People who try Doxwell sometimes ask the same follow-up: “what’s under it?”
The short answer is Docortex. Doxwell is the product — installers, wizard, tray icon, the parts you actually click. Docortex is the engine — the five layers that read documents, build a fact graph, track what changed, and expose every operation as an agent-callable tool. Same code, two surfaces: a polished product for direct users, a deployable engine for partners who want to embed it.
This post walks the five layers. It is intentionally architectural, not a sales pitch. If you only care that it works, the download page is faster.
The split: product vs engine
The product needs to be opinionated. A first-time user shouldn’t have to choose between BM25 and hybrid retrieval before they can find their lease agreement. So Doxwell ships defaults: local embedding model by default, a setup wizard that asks for an LLM provider, a tray icon that surfaces queue counts.
The engine needs to be configurable. A partner integrating Docortex into their own workflow software cares about which embedding backend ships locally vs. in the cloud, which MCP tools are exposed vs. internal, how the fact graph is sharded by vault. Same code — different surface.
That split is also why “air-gap” is meaningful here and not marketing wallpaper. The product layer assumes a wizard; the engine layer assumes nothing. You can run Docortex with the local bge-m3 embedding backend, an on-laptop Ollama LLM, and no outbound network at all.
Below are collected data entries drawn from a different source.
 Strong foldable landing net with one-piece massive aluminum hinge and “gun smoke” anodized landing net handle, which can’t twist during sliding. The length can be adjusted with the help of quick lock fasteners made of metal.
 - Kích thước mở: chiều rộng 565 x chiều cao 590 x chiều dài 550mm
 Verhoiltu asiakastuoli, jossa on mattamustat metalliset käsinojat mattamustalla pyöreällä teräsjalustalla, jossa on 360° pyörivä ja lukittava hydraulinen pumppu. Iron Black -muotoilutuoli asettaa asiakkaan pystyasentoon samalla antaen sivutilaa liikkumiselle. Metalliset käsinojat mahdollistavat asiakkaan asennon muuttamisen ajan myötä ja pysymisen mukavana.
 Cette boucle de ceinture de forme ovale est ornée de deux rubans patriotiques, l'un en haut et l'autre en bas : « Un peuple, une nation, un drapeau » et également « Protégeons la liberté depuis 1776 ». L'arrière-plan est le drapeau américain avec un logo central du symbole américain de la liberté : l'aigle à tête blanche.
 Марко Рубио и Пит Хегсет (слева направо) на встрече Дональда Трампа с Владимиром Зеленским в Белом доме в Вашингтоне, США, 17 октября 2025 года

Doxwell supports it; out-of-the-box it points at whichever LLM provider you pick in the wizard.
The five layers
Working bottom-up:
- Ingestion + preprocessing — pull files, extract text.
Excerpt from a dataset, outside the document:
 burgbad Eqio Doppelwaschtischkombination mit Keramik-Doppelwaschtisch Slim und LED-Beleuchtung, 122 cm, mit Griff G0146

- Vector index — embeddings, hybrid search.
- Entity-fact graph — who, what, when, sourced from where.
- Temporal supersession — every fact has a lifetime.
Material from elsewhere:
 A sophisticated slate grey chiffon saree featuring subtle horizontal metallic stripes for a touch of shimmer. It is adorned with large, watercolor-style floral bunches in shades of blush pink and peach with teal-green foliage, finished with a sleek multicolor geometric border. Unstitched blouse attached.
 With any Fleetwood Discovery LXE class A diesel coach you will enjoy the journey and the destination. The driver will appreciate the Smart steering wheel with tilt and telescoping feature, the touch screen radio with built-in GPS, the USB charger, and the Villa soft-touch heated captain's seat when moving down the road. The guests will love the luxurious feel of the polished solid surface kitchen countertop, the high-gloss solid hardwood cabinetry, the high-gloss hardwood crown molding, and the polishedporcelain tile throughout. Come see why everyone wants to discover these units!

- MCP surface — every operation is an agent-callable tool.
The next five sections take each in turn.
Layer 1: ingestion + preprocessing
The boring layer. Where most “real-world archive” pipelines fail.
Doxwell pulls from email mailboxes, Google Drive, OpenCloud, scanner folders, messenger exports, and call-recording directories. Each source has its own quirks — Outlook email with embedded winmail.dat, scanned PDFs that need OCR fallback, image attachments inside email replies, ZIP-of-ZIPs from quarterly bank statements.
The pipeline is an 11-step DAG with dependency tracking, staleness cascade, lazy evaluation by input/output hash, and parallel workers.[§6.5] When you add a new source, the DAG figures out which downstream steps need to re-run and which can reuse cached output. This matters at 20K+ documents — re-running OCR on a corpus that already had it is the kind of mistake that costs hours.
Pipeline coverage on the live 21K-doc corpus (2026-05-19): text extraction 97.8%, fragment extraction 97.8%, page embedding 97.8%, OCR assessment 96.1%, embedding 93.1%, thread detection 91.3%, entity extraction 91.2%, document understanding 70.6%, entity resolution 61.5%, fact extraction 22.8%.[§3.1] The lower steps drop because they require LLM calls — they don’t drop because of bugs. Each step exposes its coverage as a metric so the wizard can tell you “this folder is 96% indexed, the remaining 4% are PDFs with no text layer; run OCR?”
This is the layer where pipeline branching by content class (formal email vs. messenger thread vs. invoice vs. handwritten note) actually pays off. A messenger export does not need OCR; an invoice does not need thread detection. Branching cuts both compute and noise.
Layer 2: vector index
The retrieval-baseline layer. This is what most people mean when they say “RAG.”
Docortex ships hybrid retrieval — BM25 + semantic + a knowledge channel that incorporates the entity-fact graph (see Layer 3). On our 21K-doc nightly harness with 210 multilingual questions, the hybrid strategy reaches NDCG@10 = 0.332 against pure BM25 at 0.244 and pure semantic at 0.242 — about a 36% relative lift over the best single-channel baseline.[§1.1] Third-party replication is in progress; the harness, golden set, and methodology are internal but reproducible from the nightly report.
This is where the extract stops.